*Task directions*
With pictures excluded, output exactly the lines that run from the first line of the data below through the line containing "在四场讲座中,王楠老师通过展".
======
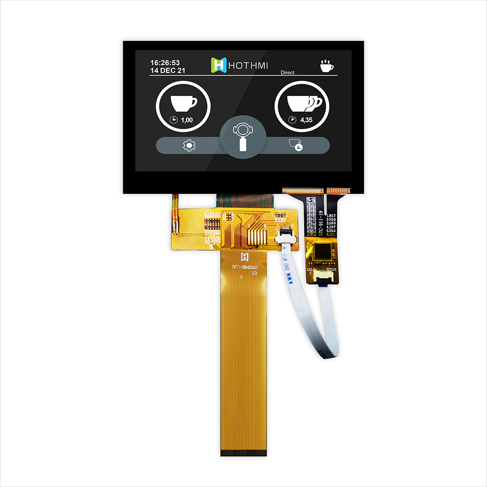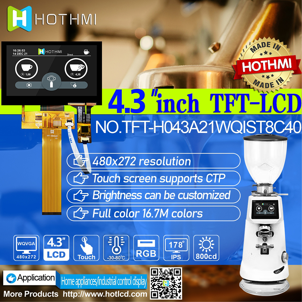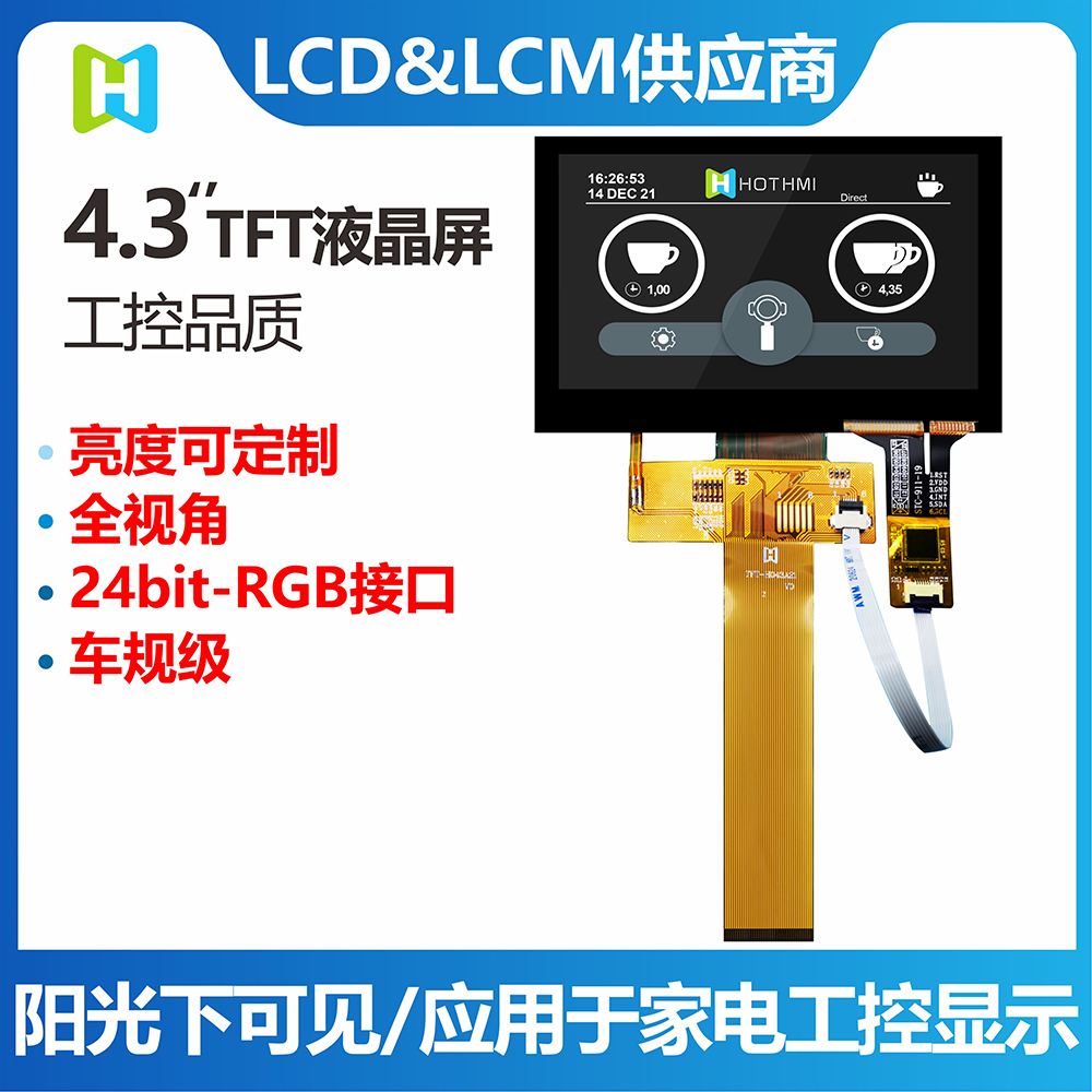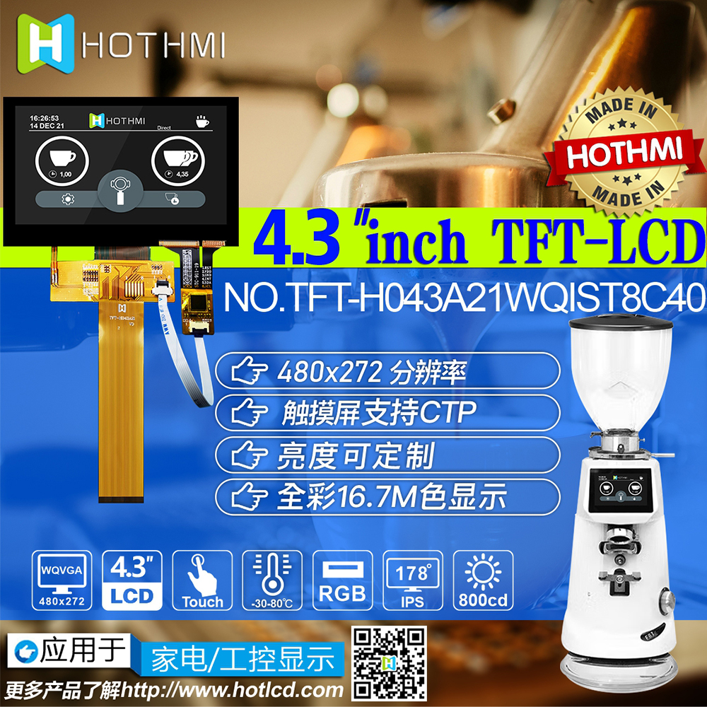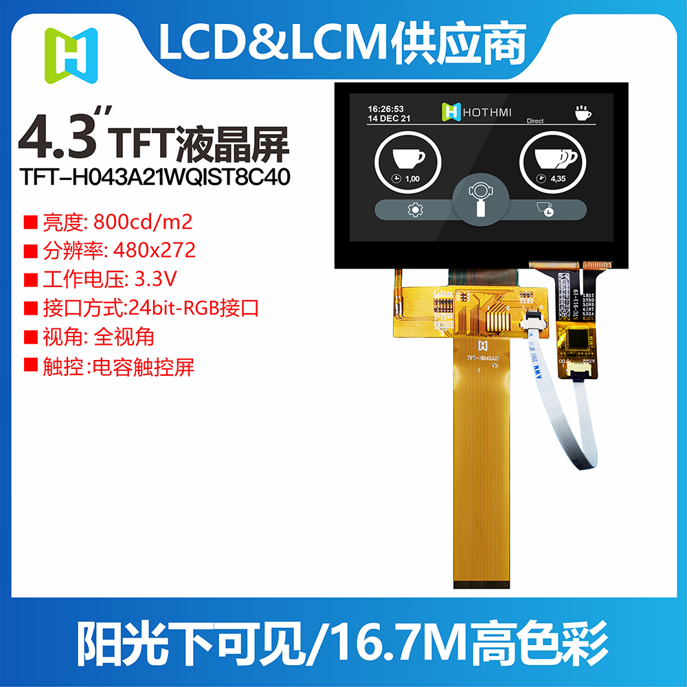 4.3寸TFT彩屏 /480*272分辨率 /全視角IPS工藝 /RGB 24Bit/IIC接口 /TFT-H043A21WQIST8C40/應用于咖啡機,家電,工控,醫(yī)療顯示設備,陽光下可見
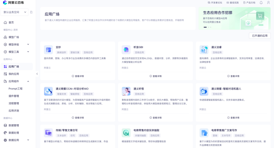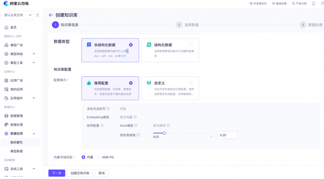 目前业内有很多现成的产品可以快速体验RAG,整体可配置的交互和原理大同小异,推荐阿里云百炼的应用中心来进行相关操作。
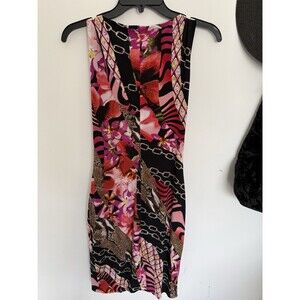 CACHE Stretch Chain Belt Animal Print Dress Size Small Above Knee Length
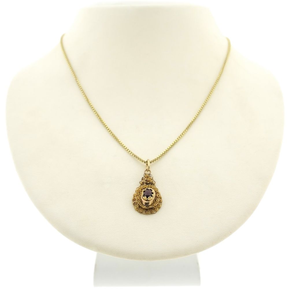 Vintage gold pendant with garnet; filigree technique
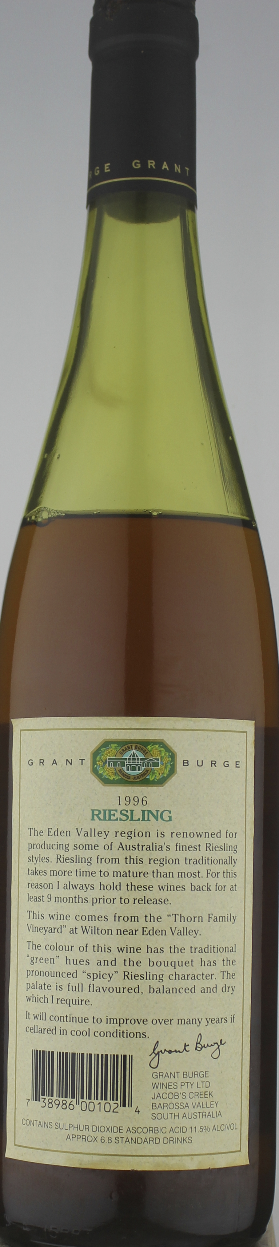 Label: lightly soiled, Capsule: evidence of leakage, Ullage: below mid shoulder
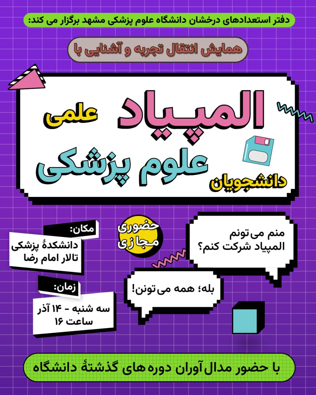 واحد استعداد درخشان دانشگاه علوم پزشکی مشهد در نظر دارد تا در روز سه شنبه مورخ 14/09/1402 از ساعت 16 همایشی با عنوان " انتقال تجربه و آشنایی با حیطه های المپیاد شانزدهمین دوره المپیادهای علمی دانشجویان علوم پزشکی "در دانشکده پزشکی سالن امام رضا (ع) برگزار نماید لذا از تمام علاقه مندان دعوت میشود تا در صورت تمایل در این مراسم حضور داشته باشند.
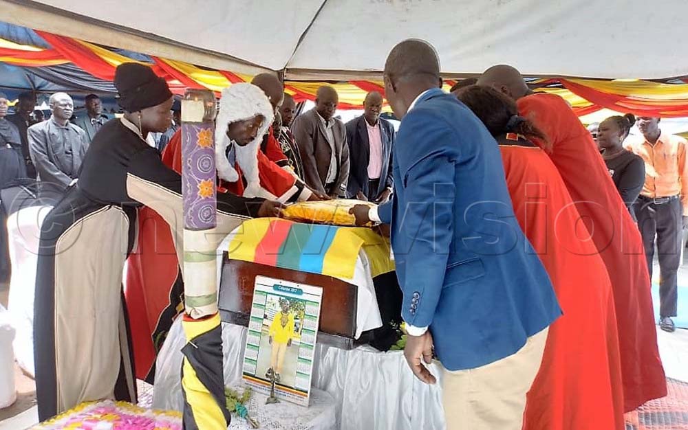 The council Speakers from WestNile region laying a wreath on the casket of the deceased Speaker
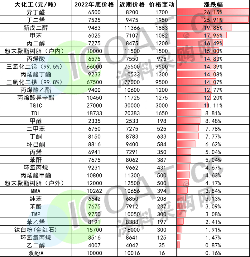而在龍頭企業(yè)的“狂飆”節(jié)奏之下,30多種原材料年內(nèi)出現(xiàn)上漲趨勢(shì)。涂料產(chǎn)業(yè)鏈上游的異丁醛、新戊二醇、聚酯樹脂、TGIC等也出現(xiàn)了不同幅度的價(jià)格上漲。
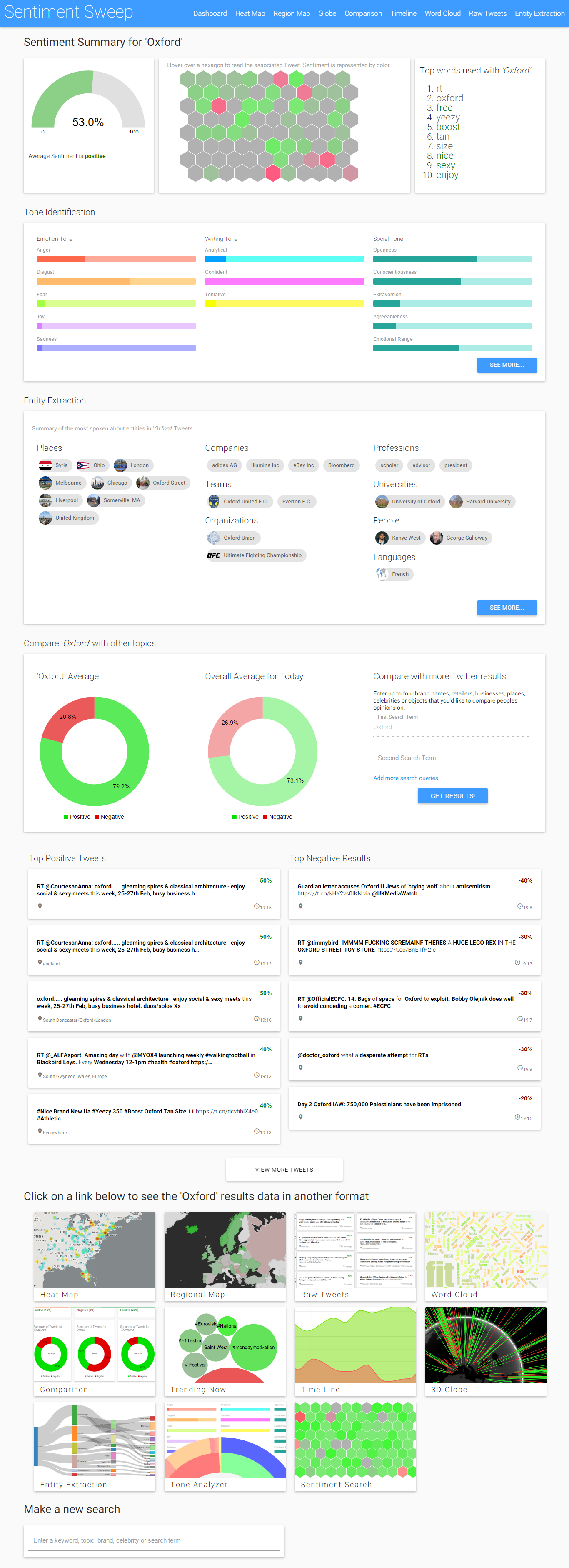The page is split into seven sections, the first of which gives an overall summary of sentiment illustrated with the red and green interactive hexagons (which can be hovered over to read each tweet), a guage showing percentage positive or negative and the keywords trending for that search term and weather each is positive or negative.
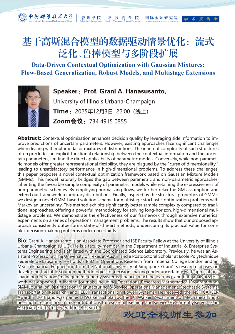 学术报告会 | 基于高斯混合模型的数据驱动情景优化:流式泛化、鲁棒模型与多阶段扩展
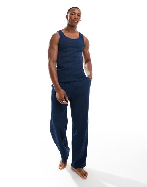 Pijama azul marino de camiseta de tirantes y pantalones de canalé de ASOS DESIGN
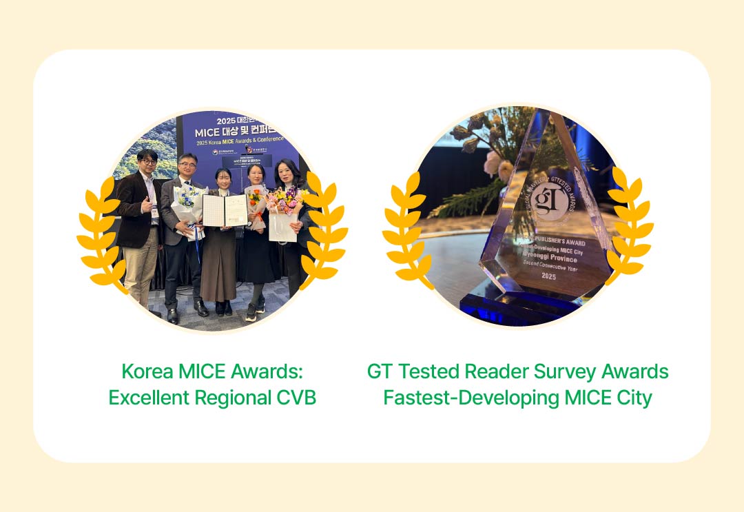 In November 2025, the Gyeonggi Tourism Organization won the Excellent Regional CVB category at the Korea MICE Awards, followed by its remarkable selection on December 17 as the Fastest-Developing MICE City in the GT Tested Reader Survey Awards!
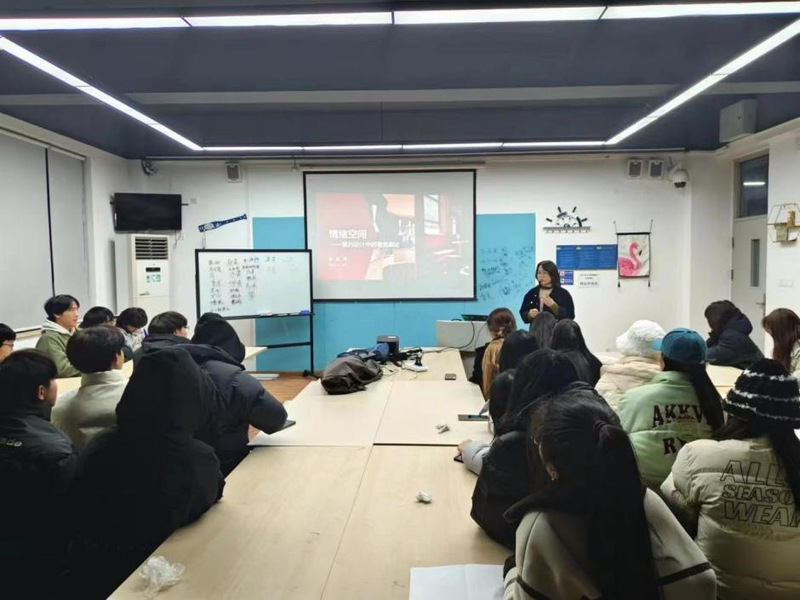 在四场讲座中,王楠老师通过展示各项目化工作室的学生优秀作品,使同学们了解艺术设计项目化课程的学习内容和要求;陈砚池教授以“AIGC时代,设计与设计教育的危机与对策”为题,鼓励同学们主动学习前沿知识,关注技术发展动态;宫继萍博士以“情绪空间——室内设计中的视觉表达”为题,通过火锅店餐饮空间设计案例,分析室内设计中元素的提取表达,色彩材质的应用和照明设计;沈琦副教授以“学设计、做设计”为题,引导同学们关注设计,并将设计理论转化为设计能力。同学们通过讲座学习对专业方向、课程内容、技术领域有了一定的认识和思考。
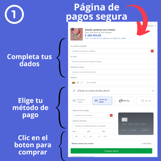 - Al dar clic en el botón «registrarte» (inscribirte, según el botón) serás redirigido a una página donde aparecerán todos los métodos de pago que aceptamos.
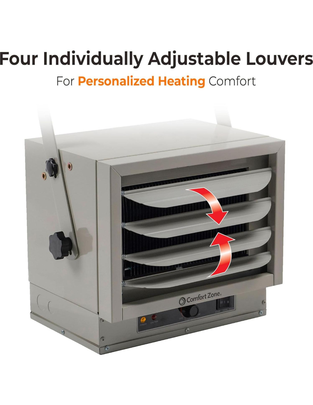 Calentador de Techo Potente - Ideal para uso en un garaje o taller, este potente calentador de montaje en techo Comfort Zone proporciona mucha calidez sin ocupar espacio valioso en el suelo. El potente calentador comercial es excelente para crear un ambiente cómodo para todo, desde trabajos y proyectos de bricolaje hasta simplemente un área de reunión fresca para amigos y familiares. Construcción de Acero Robusto - Diseñado para un uso prolongado en entornos difíciles, este calentador forzado por ventilador está fabricado con un cuerpo de acero de alta resistencia. Esto le permite resistir caídas y picos de temperatura repentinos que puede encontrar en áreas mal aisladas. Calefacción Dirigida - Las rejillas y un ángulo de montaje variable le permiten dirigir el flujo de aire del calentador comercial de 240 Voltios hacia un área con corrientes de aire o hacia su estación de trabajo habitual, asegurando que el calor vaya donde más se necesita. Controles Manuales Simples - El calentador cuenta con un doble botón en la parte frontal que le permite ajustar rápida y fácilmente el termostato o encender y apagar la unidad. Los controles simples hacen que sea fácil ajustar la salida de calor al nivel justo para su espacio. Características de Seguridad Inteligentes - Un sensor incorporado apaga inmediatamente el calentador de montaje en techo forzado por ventilador si alcanza una temperatura insegura para prevenir el sobrecalentamiento. La unidad también cuenta con una luz de encendido que indica claramente cuando está en uso, ayudándole a asegurarse de que esté apagado de manera segura antes de salir de la habitación.
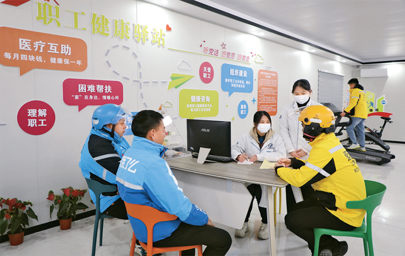 圖為2023年12月23日,在位于福建省泉州市臺商投資區(qū)張坂鎮(zhèn)的“職工健康驛站”,醫(yī)務人員正在為戶外勞動者提供健康體檢服務。 全國總工會供圖
======
*Answer*
 4.3寸TFT彩屏 /480*272分辨率 /全視角IPS工藝 /RGB 24Bit/IIC接口 /TFT-H043A21WQIST8C40/應用于咖啡機,家電,工控,醫(yī)療顯示設備,陽光下可見
 目前业内有很多现成的产品可以快速体验RAG,整体可配置的交互和原理大同小异,推荐阿里云百炼的应用中心来进行相关操作。
 CACHE Stretch Chain Belt Animal Print Dress Size Small Above Knee Length
 Vintage gold pendant with garnet; filigree technique
 Label: lightly soiled, Capsule: evidence of leakage, Ullage: below mid shoulder
 واحد استعداد درخشان دانشگاه علوم پزشکی مشهد در نظر دارد تا در روز سه شنبه مورخ 14/09/1402 از ساعت 16 همایشی با عنوان " انتقال تجربه و آشنایی با حیطه های المپیاد شانزدهمین دوره المپیادهای علمی دانشجویان علوم پزشکی "در دانشکده پزشکی سالن امام رضا (ع) برگزار نماید لذا از تمام علاقه مندان دعوت میشود تا در صورت تمایل در این مراسم حضور داشته باشند.
 The council Speakers from WestNile region laying a wreath on the casket of the deceased Speaker
而在龍頭企業(yè)的“狂飆”節(jié)奏之下,30多種原材料年內(nèi)出現(xiàn)上漲趨勢(shì)。涂料產(chǎn)業(yè)鏈上游的異丁醛、新戊二醇、聚酯樹脂、TGIC等也出現(xiàn)了不同幅度的價(jià)格上漲。
The page is split into seven sections, the first of which gives an overall summary of sentiment illustrated with the red and green interactive hexagons (which can be hovered over to read each tweet), a guage showing percentage positive or negative and the keywords trending for that search term and weather each is positive or negative.
 学术报告会 | 基于高斯混合模型的数据驱动情景优化:流式泛化、鲁棒模型与多阶段扩展
 Pijama azul marino de camiseta de tirantes y pantalones de canalé de ASOS DESIGN
 In November 2025, the Gyeonggi Tourism Organization won the Excellent Regional CVB category at the Korea MICE Awards, followed by its remarkable selection on December 17 as the Fastest-Developing MICE City in the GT Tested Reader Survey Awards!
 在四场讲座中,王楠老师通过展示各项目化工作室的学生优秀作品,使同学们了解艺术设计项目化课程的学习内容和要求;陈砚池教授以“AIGC时代,设计与设计教育的危机与对策”为题,鼓励同学们主动学习前沿知识,关注技术发展动态;宫继萍博士以“情绪空间——室内设计中的视觉表达”为题,通过火锅店餐饮空间设计案例,分析室内设计中元素的提取表达,色彩材质的应用和照明设计;沈琦副教授以“学设计、做设计”为题,引导同学们关注设计,并将设计理论转化为设计能力。同学们通过讲座学习对专业方向、课程内容、技术领域有了一定的认识和思考。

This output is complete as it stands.